Hero #130: Rabindranath Tagore … (01/24/16)
Born in 1861, Tagore was a Bengali poet, artist & musician who reshaped Bengali literature and music in the late 1900’s & early 1900’s. He was the first non-European to win the Nobel Prize in Literature in 1913 (primarily for his genius work “Gitanjali: Song of Offerings”), and was highly influential in introducing the best of Indian culture to the West (and vice versa). Tagore is generally regarded as the most outstanding creative artist of the modern Indian subcontinent, being revered in India, Bangladesh, Sri Lanka, Nepal and Pakistan, with the former two having adopted two of his compositions as their respective national anthems.

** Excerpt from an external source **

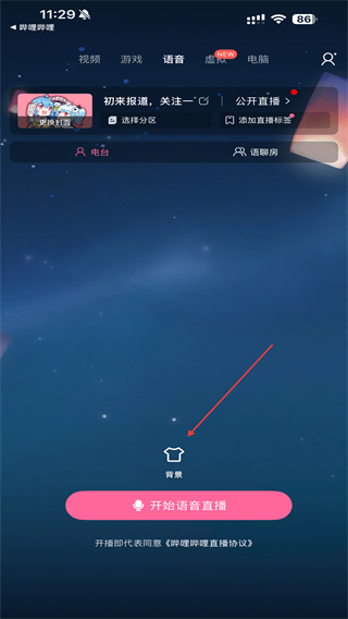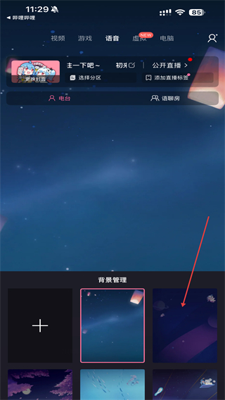 2、进入语音的页面内,点击下方背景的按钮。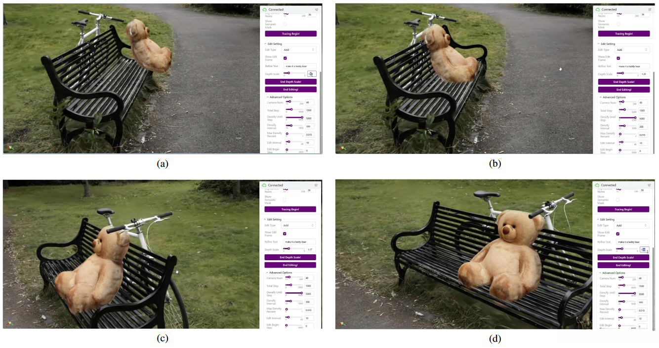 Empowered by our interactive WebUI, the depth scale addresses the limitation of monocular depth estimation, which cannot guarantee precise depth map predictions. As can be seen in (a), inaccurate results can lead to failures when aligning generated objects with Gaussian scenes. We leverage the interactive nature of our WebUI to dynamically adjust the estimated depth in real-time, thus resolving this issue, demonstrated in other images.

At age sixteen, Tagore released his first collection of substantial poems under the pseudonym Bhānusiṃha (“Sun Lion”) when he was sixteen years old. This work was of such high quality that literary authorities & critics soon thereafter became convinced that they had stumbled up a series of long-lost classics.
A bit later in his life, the British Crown granted Tagore a knighthood in 1915, though he renounced the same after the the 1919 Jallianwala Bagh massacre, and he thereafter became an advocate for desired social reforms — among them the independence of the Indian subcontinent from British imperialism — preferring freedom for all, and the dismantling of the Indian caste system and its depraved belief in “untouchability” — preferring a dignity unconditional.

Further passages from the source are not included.